Historical fiction set during the Crimean War. I remember buying this on a visit to my favourite bookshop, Barter Books; I did start to read it once but didn’t get very far with it.

2. The House at Riverton by Kate Morton

I added this to my TBR – and then read two other Kate Morton books instead. Because I was disappointed by The Distant Hours, I never went back to read this one. Maybe I should.

3. The Blasphemer by Nigel Farndale

A dual timeline novel divided between the First World War and the modern day. I won this one in a giveaway by the publisher, so I feel very guilty that I still haven’t read it!

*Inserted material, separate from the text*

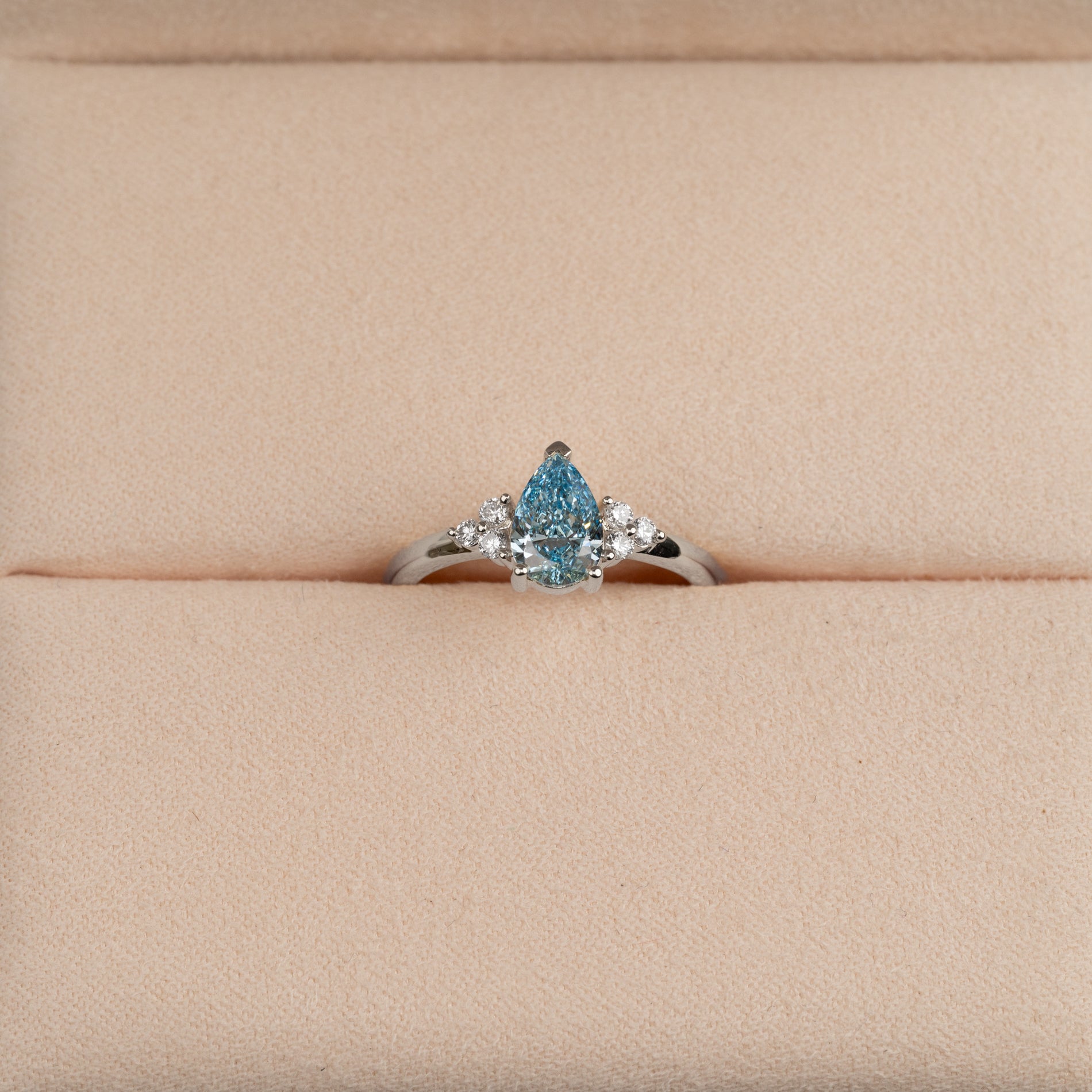 Pæreformet diamantring med en 1,0 ct blå laboratorieskapt diamant og klare sidestener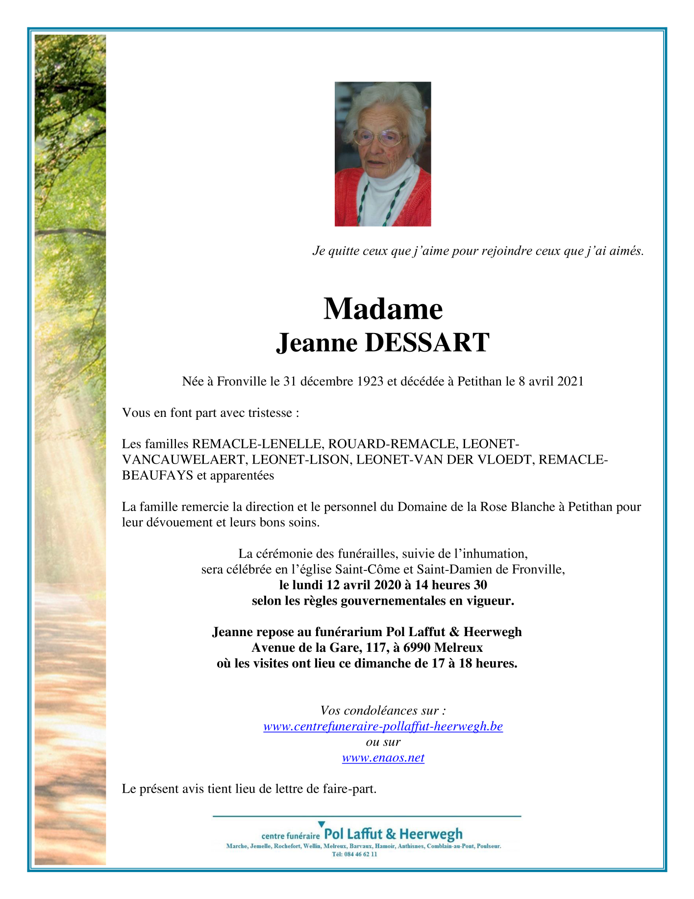 Décédée à Petit-Han (6940) le jeudi 8 avril 2021 à l'âge de 97 ans

4. Mornings in Jenin by Susan Abulhawa

I don’t know much about this one except that it’s set in Palestine, but I remember reading some glowing reviews from other bloggers a few years ago, which was why it was added to my TBR.

5. Year of Wonders by Geraldine Brooks

This novel about a 17th century village ravaged by plague has been recommended to me many times, but every time I’ve picked it up I’ve found that I was in the wrong mood for it.

6. Annie Dunne by Sebastian Barry

I love Sebastian Barry’s writing and have read several of his other books about the Dunne and McNulty families, but this one has been languishing on my shelf for years while I’ve been drawn to the newer ones instead.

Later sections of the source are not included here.